Красота платоновских эйдосов, красота космического порядка, красота божественного мироустройства ни в коем случае не субъективна. Как мы уже видели, она принадлежит бытию, она есть свойство бытия, неотъемлемое настолько, что нет смысла даже отдельно ею заниматься. Но красота новоевропейской эстетики не принадлежит бытию, она есть лишь результат оценки. Создавая «учение о чувственно воспринимаемом», Баумгартен не намеревался приписать чувственно воспринимаемому какой-либо метафизический субстанциальный смысл, он создавал раздел гносеологии, а не онтологии, речь шла о структуре восприятия. Конечно, речь шла и об эстетическом объекте, но объект – лишь оборотная сторона субъективности. И если эта новая наука обращается к красоте, то отличается она, в первую очередь, именно тем, что переводит ее из ведения онтологии в ведение гносеологии.
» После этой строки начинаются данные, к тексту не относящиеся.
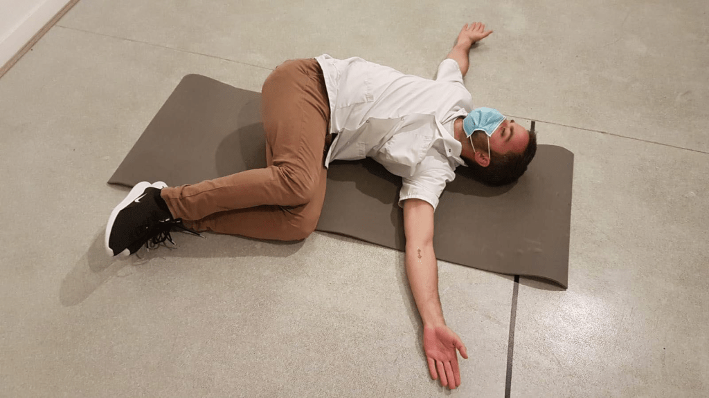 - Rotations: Allongé sur le côté, repliez les jambes à l’équerre (90° de flexion de hanche et de genou). Tendez les bras devant vous puis venez ouvrir avec le bras vers le côté opposé aux jambes (faire une rotation du buste, la tête suit le mouvement du bras), jusqu’à ressentir l’étirement face antérieure de l’épaule (pec) et sur le côté du tronc. Expirez pour vider la cage thoracique et majorer l’étirement.
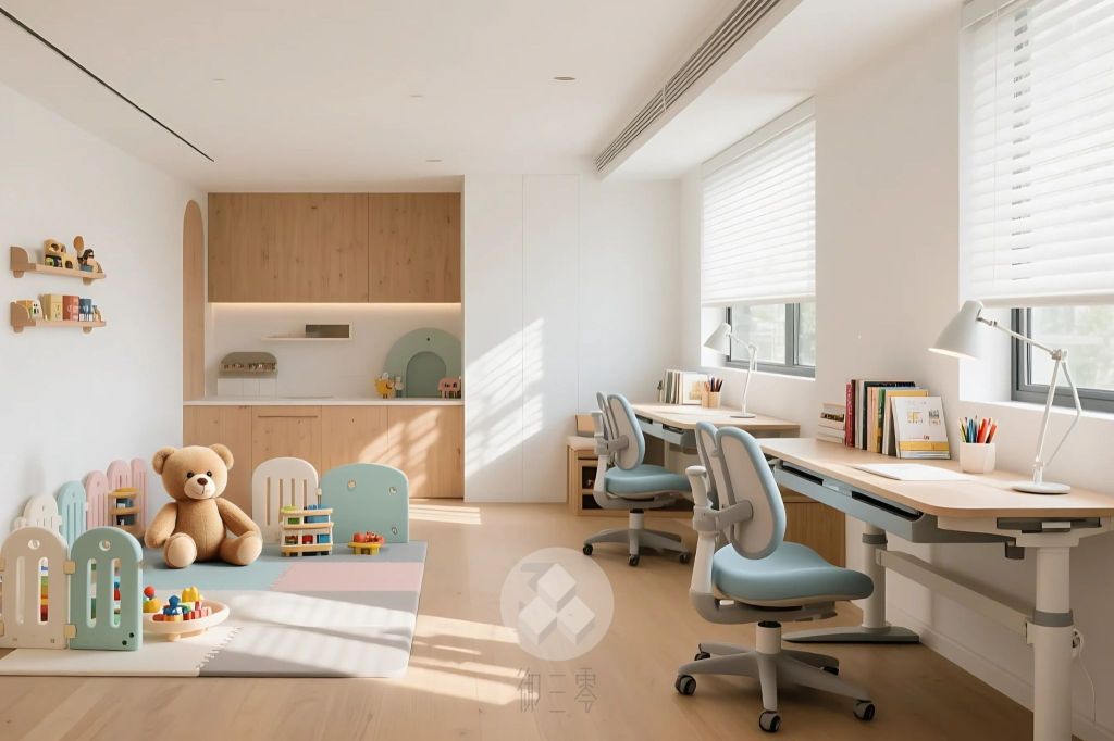 空間預留彈性也有助於空氣流通。在學齡前(約6歲以前),空間規劃應以「區域」為主,預留更多彈性。孩子上學後(6歲以後),則應開始規劃獨立的休息和學習區域。學習區的桌椅應選擇符合人體工學且高度可調整的款式,以適應孩子身高的快速變化,並確保適宜的燈光。

Но можно сказать, что эта процедура – переведение в ведение гносеологии – характерна для всей структуры новоевропейской мысли. Этот переход хорошо описан М. Хайдеггером в работе «Европейский нигилизм» как смена «метафизических позиций»[25]. Метафизические позиции определяются Хайдеггером на основании отношения познающего субъекта и познаваемого мира (истины). В этом смысле, структура субъективного мышления прослеживаются им начиная с классической античности. Хайдеггер всю историю метафизики называет историей «забвения бытия», и судьбой метафизики, с его точки зрения, является нигилизм, проистекающий из разделения мира на мыслимый и воспринимаемый, идеальный и материальный, так что главный вопрос метафизики, в конечном счете, формулируется Хайдеггером как вопрос о ничто. Смена позиций отмечает стадии этого «забвения», следуя которым нигилизм стремится к своему пределу. И радикальный переворот здесь принадлежит Декарту, поскольку в его размышлениях впервые бытие отчетливо уходит на второй план по отношению к мышлению.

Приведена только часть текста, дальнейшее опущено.